→ **Instructions to follow**:
No pictures belong in the copy. Retype exactly, and only, the stretch of lines below from the one with "Elaborado artesanalmente con" through the one with "确认付款:如果是未支付订单,支持手动确认".

→ **Material shown**:
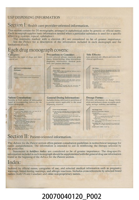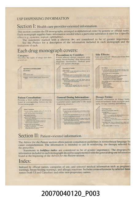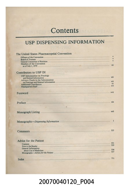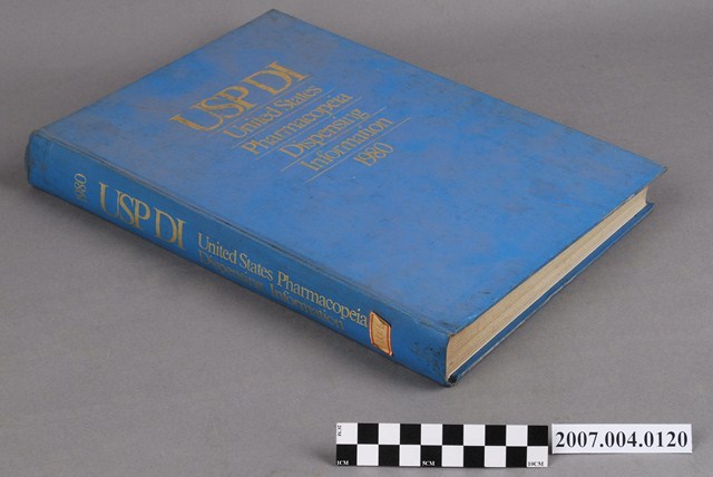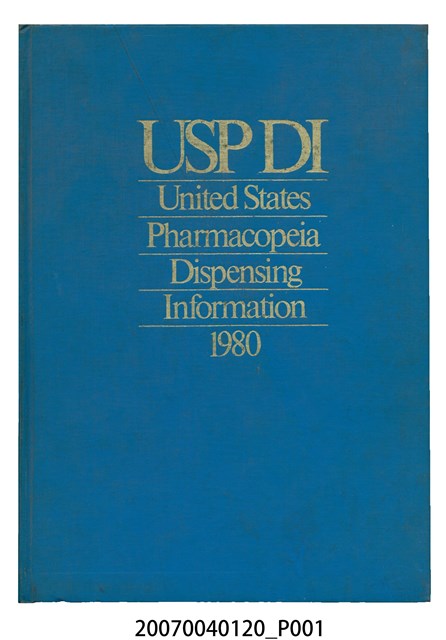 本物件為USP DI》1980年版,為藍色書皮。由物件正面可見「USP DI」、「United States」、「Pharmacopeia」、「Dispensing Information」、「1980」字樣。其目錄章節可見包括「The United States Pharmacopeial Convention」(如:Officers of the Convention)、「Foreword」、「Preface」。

==

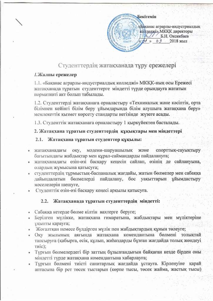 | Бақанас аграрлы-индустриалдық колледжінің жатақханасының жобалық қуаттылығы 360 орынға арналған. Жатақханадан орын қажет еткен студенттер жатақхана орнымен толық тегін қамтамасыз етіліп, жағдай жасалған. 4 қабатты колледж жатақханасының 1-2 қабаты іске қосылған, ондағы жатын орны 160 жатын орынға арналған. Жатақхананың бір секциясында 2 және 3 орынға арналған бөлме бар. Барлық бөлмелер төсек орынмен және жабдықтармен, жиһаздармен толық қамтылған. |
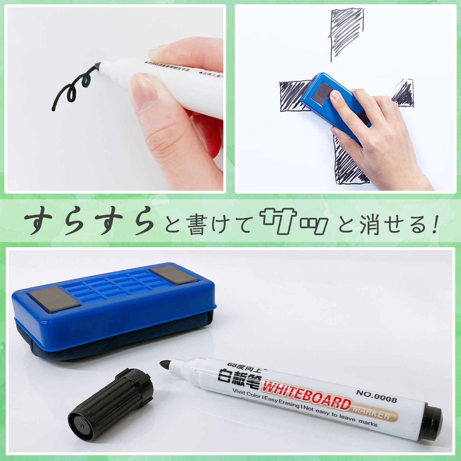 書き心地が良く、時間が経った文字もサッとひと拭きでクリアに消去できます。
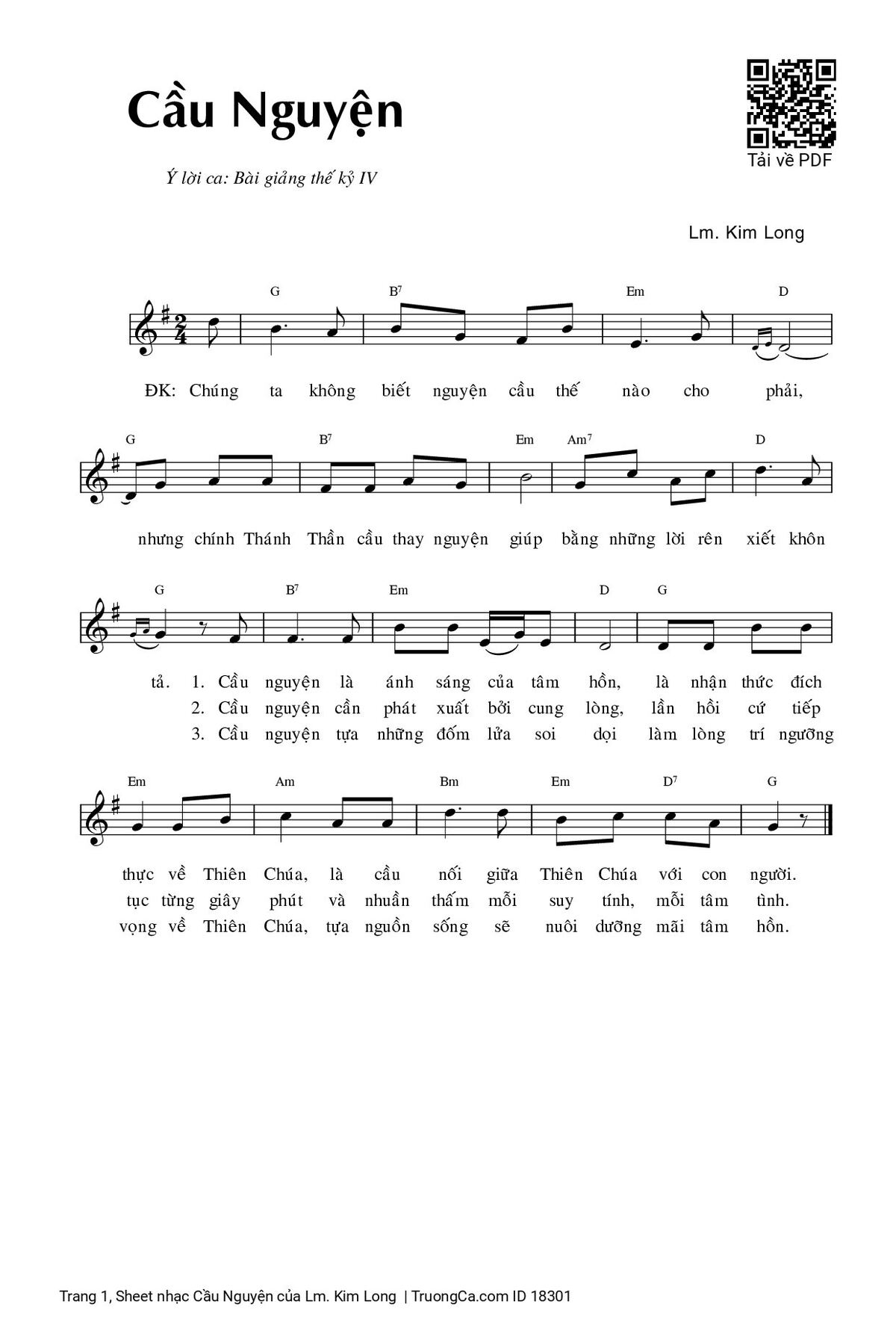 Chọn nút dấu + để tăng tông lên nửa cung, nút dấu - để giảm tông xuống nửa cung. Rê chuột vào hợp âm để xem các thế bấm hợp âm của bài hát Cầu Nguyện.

---

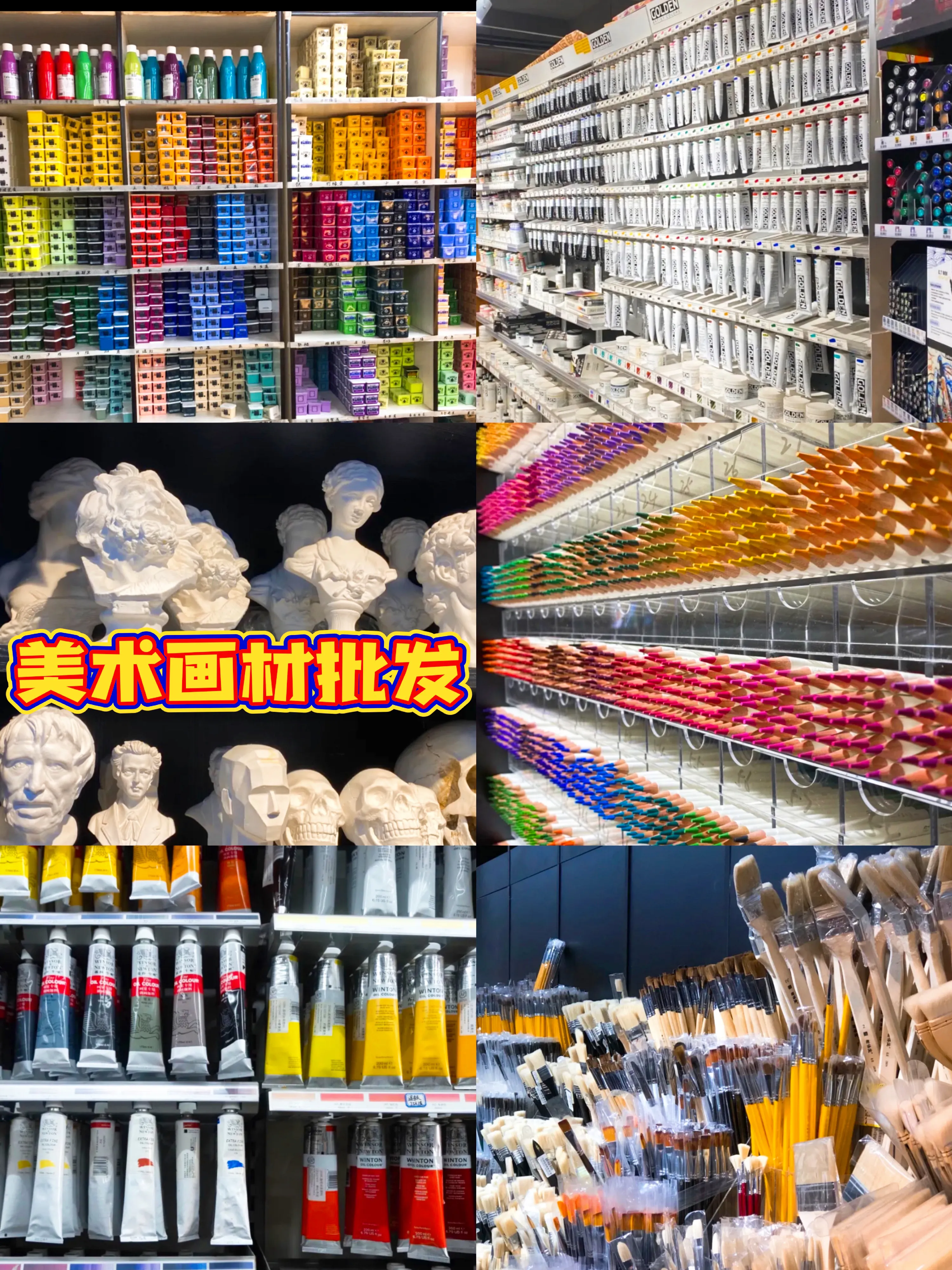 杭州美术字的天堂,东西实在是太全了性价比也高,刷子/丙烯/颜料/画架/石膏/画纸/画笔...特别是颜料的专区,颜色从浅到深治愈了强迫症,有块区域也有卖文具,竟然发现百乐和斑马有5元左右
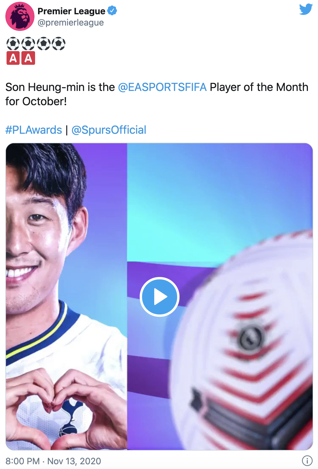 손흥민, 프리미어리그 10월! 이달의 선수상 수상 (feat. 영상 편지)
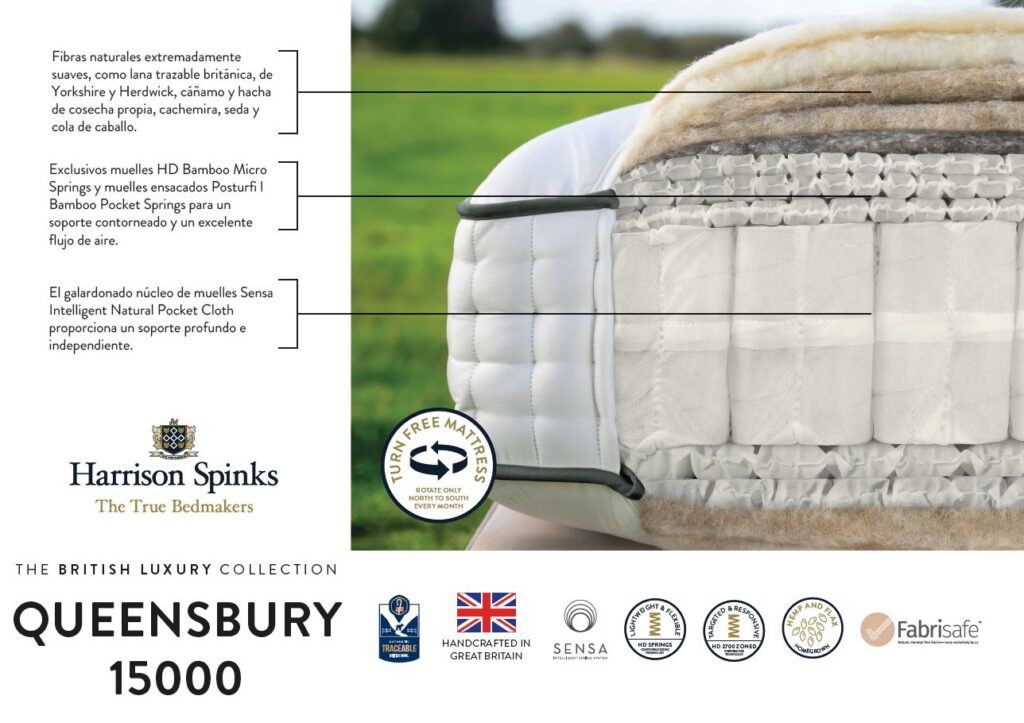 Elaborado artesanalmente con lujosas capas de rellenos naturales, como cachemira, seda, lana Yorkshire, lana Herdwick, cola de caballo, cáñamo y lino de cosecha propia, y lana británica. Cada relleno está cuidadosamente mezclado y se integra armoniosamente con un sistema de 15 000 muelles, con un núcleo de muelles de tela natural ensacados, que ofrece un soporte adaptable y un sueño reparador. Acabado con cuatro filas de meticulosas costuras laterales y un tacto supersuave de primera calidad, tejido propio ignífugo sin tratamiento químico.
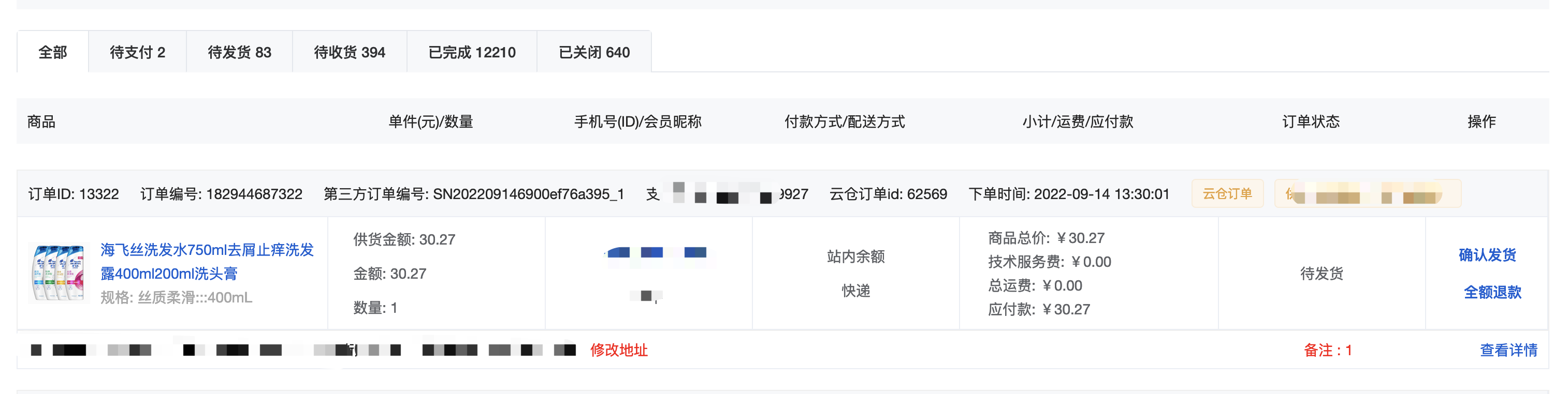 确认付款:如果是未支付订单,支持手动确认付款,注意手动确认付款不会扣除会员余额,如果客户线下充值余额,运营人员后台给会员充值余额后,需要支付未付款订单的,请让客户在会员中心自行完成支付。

→ **Completed task**:
 Elaborado artesanalmente con lujosas capas de rellenos naturales, como cachemira, seda, lana Yorkshire, lana Herdwick, cola de caballo, cáñamo y lino de cosecha propia, y lana británica. Cada relleno está cuidadosamente mezclado y se integra armoniosamente con un sistema de 15 000 muelles, con un núcleo de muelles de tela natural ensacados, que ofrece un soporte adaptable y un sueño reparador. Acabado con cuatro filas de meticulosas costuras laterales y un tacto supersuave de primera calidad, tejido propio ignífugo sin tratamiento químico.
 确认付款:如果是未支付订单,支持手动确认付款,注意手动确认付款不会扣除会员余额,如果客户线下充值余额,运营人员后台给会员充值余额后,需要支付未付款订单的,请让客户在会员中心自行完成支付。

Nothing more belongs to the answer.